Kees Fens over Adriaan Morriën: ‘Strelend kijken’

Links Kees Fens, rechts Adriaan Morriën; bron beelden: wikipedia.org en vpro.nl

In mijn herinnering heb ik een van de kleine stukjes die Adriaan Morriën een aantal jaren geleden nu en dan op de achterpagina van de NRC schreef. In mijn herinnering is het ook een der volmaakste stukjes die ik ooit in een krant heb gelezen. Het ging over het bereiden van twee visjes, van schoonmaken tot bakken. Hij beschreef ze in de witheid of grijsheid waarin ze voor hem lagen.

Het werden twee zeer zinnelijke wezentjes: wat Morriën beschreef, verzinnelijkte altijd langzaam. Het moet hem bijna pijn hebben gedaan ze in de pan te leggen. Het klaarmaken en het bakken werden met een uiterst trage precisie, haast met een ingehouden lyriek, genoteerd, een heel verfijnde handeling, die misschien toewijding aan het leven verried.

De twee visjes kregen een eer en een aandacht die geen enkel visje ooit heeft gehad.
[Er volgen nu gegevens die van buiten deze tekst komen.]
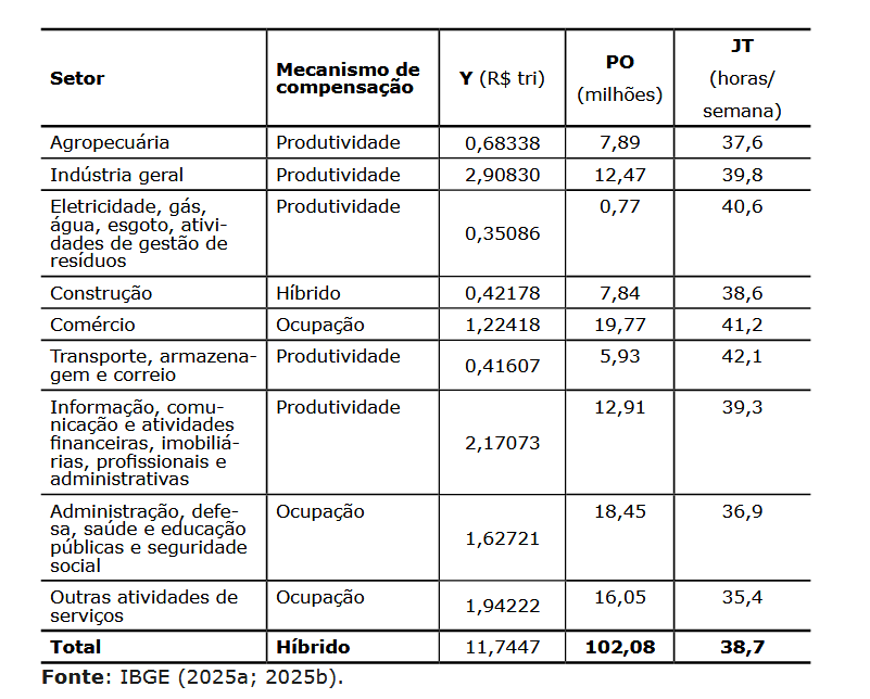 Os dados referentes ao produto setorial e agregado de 2024 foram extraídos do Sistema de Contas Nacionais (SCN/IBGE), e as informações de população ocupada e jornada de trabalho são da PNADc Anual, também referentes ao ano de 2024. A correspondência setorial entre os dados das Contas Nacionais e da PNADc é descrita no Anexo I.
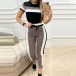Don't know hot to match? Then this two-piece set can be your perfect solution. The contrast color element and plaid printed design will make it look more stylish and attractive. Including a short sleeve round neck t-shirt and a high waist pants,this two-piece set not only can give you a comfortable day,but also can maintain your style and personality.

Hier werd niet over koken geschreven, maar over een kleine reeks intieme handelingen tussen man en bakvis. Ik denk dat hij de visjes met een even trage precisie in de winkel heeft uitgezocht. De dichter nam voor het kleinste de tijd, zeker als de kijker die hij was en die zich ook in de keuken verried.

(..)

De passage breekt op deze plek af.